穣は、視線を向けられることは苦手ではなかったが、好んでもいなかった。

 「先輩。ちょっと、場所を変えませんか。ここじゃあ、ちょっと……」

 「場所を変えるだと?お前は場所によって心が変わるのか?」

 「そうでなくてですね……こんな往来の真ん中で、プライベートな話はするべきではないんじゃないでしょうか」

 穣がそう言うと、さっと美穂の貌から怒気が消えた。

 「そうか、なら校舎に入ればよいのだろう。ついてこい」

 くるっと踵を返して、美穂は第一校舎へ歩きはじめた。穣は一瞬、この隙をついて逃げることを考えたが、すぐに打ち消した。そうしたところでそれは問題の先送りにしかならず、むしろ放課後、たっぷりの時間をつかって説教されるかもしれない。

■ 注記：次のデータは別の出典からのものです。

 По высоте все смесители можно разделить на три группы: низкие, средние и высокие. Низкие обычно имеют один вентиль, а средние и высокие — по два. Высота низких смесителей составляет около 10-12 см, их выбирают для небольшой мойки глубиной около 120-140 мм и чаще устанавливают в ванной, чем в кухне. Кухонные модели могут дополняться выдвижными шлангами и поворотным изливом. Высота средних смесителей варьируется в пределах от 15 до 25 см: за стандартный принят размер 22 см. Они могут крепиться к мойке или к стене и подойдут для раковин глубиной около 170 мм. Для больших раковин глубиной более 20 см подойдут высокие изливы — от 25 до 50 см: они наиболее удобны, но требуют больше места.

そうなるよりかは、今この限りある朝の時間のうちに、説教を済ませておいてもらうほうが良い。穣は、嫌々、という風を満身に漂わせながら、美穂の後へ従いた。

 並んで歩いていると、この二人はかなり目立つ。二人とも背丈が高く、特に女丈夫、という感じの美穂はかなり目をひいた。なにせ美穂は、人並みよりも高い背丈を持つ穣と、それ程変わらぬ背丈を持っていた。その凛とした女丈夫が、この学校では珍しいド金髪の不良少年を連れて歩いている。そして、よくよく見ればその女丈夫は、自分たちの生徒会長なのである。好奇の目が向けられるのも、無理のないことではあった。

 「坐れ」

 正面玄関から入ってすぐに、カフェテリアがある。まだ時間が早いからか、人は一人もいない。六つ並んだテーブルのひとつに美穂は腰かけて、穣に着席を促した。言われるがまま、穣は、荷物を足許において、席に着いた。

 「何故、学校に来ない」

 すこし時間を置いたためか、美穂の声は、かなりボリュームが下がっていたが、怒気は消えていない。

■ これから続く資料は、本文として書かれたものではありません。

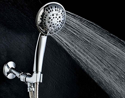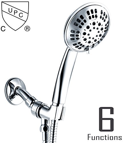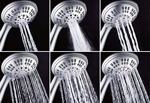 PREMIUM QUALITY AND 6 SPRAY SETTINGS: Wide Full Coverage and Anti-Leak modern Design. Lasting Finish Resists corrosion & wear. Can be used as Overhead or Handheld shower. Ergonomic Grip Handle. One finger control Multi-Power Dial. Water Saving Trickle Dial reduce water flow and save. 6 sprays: power spray, power massage, power spray+massage, Power Aerated, Power spay+Aerated, Water saving trickle( save water and keep your shower warm while you shave or shampoo) .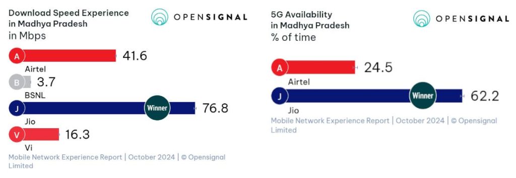 जियो का राष्ट्रीय स्तर पर भी प्रदर्शन मजबूत है, ओपन सिग्नल ने जियो के 5जी कवरेज और सबसे ज्यादा डाउनलोड स्पीड पर मुहर लगाई है. मध्यप्रदेश-छत्तीसगढ़ में जियो प्रमुख श्रेणी 5जी उपलब्धता, समग्र नेटवर्क उपलब्धता के साथ ओवरआल-डाउनलोड स्पीड में पहले स्थान पर है.

 「四回目だ。私はもう、同じことを四回も訊いている。その度、お前ははっきり答えなかったな。自分でもわからないとか、何でか行きたくないとか、ぐだぐだと言い連ねるのみだった。また、そうやってやりすごそうとする気か?」

 「いえ、そんなつもりは……」

 「しかし、今日という今日はやり過ごさせんぞ!いつもは、朝の仕事があるからどうしても長い時間話せ

なかったが、今日は違うからな。昨日渕原からのメールで、お前が今日来ることは知っていたからな。昨夜のうちに今朝の仕事は全部済ませてある!始業までは……あと一時間くらいか。それまで席を離れられると思うな!」

 「……はい」

 声の調子は、もう元通り大きくなっている。穣は、もう30分早く家を出るんだったと、心中悔やんだ。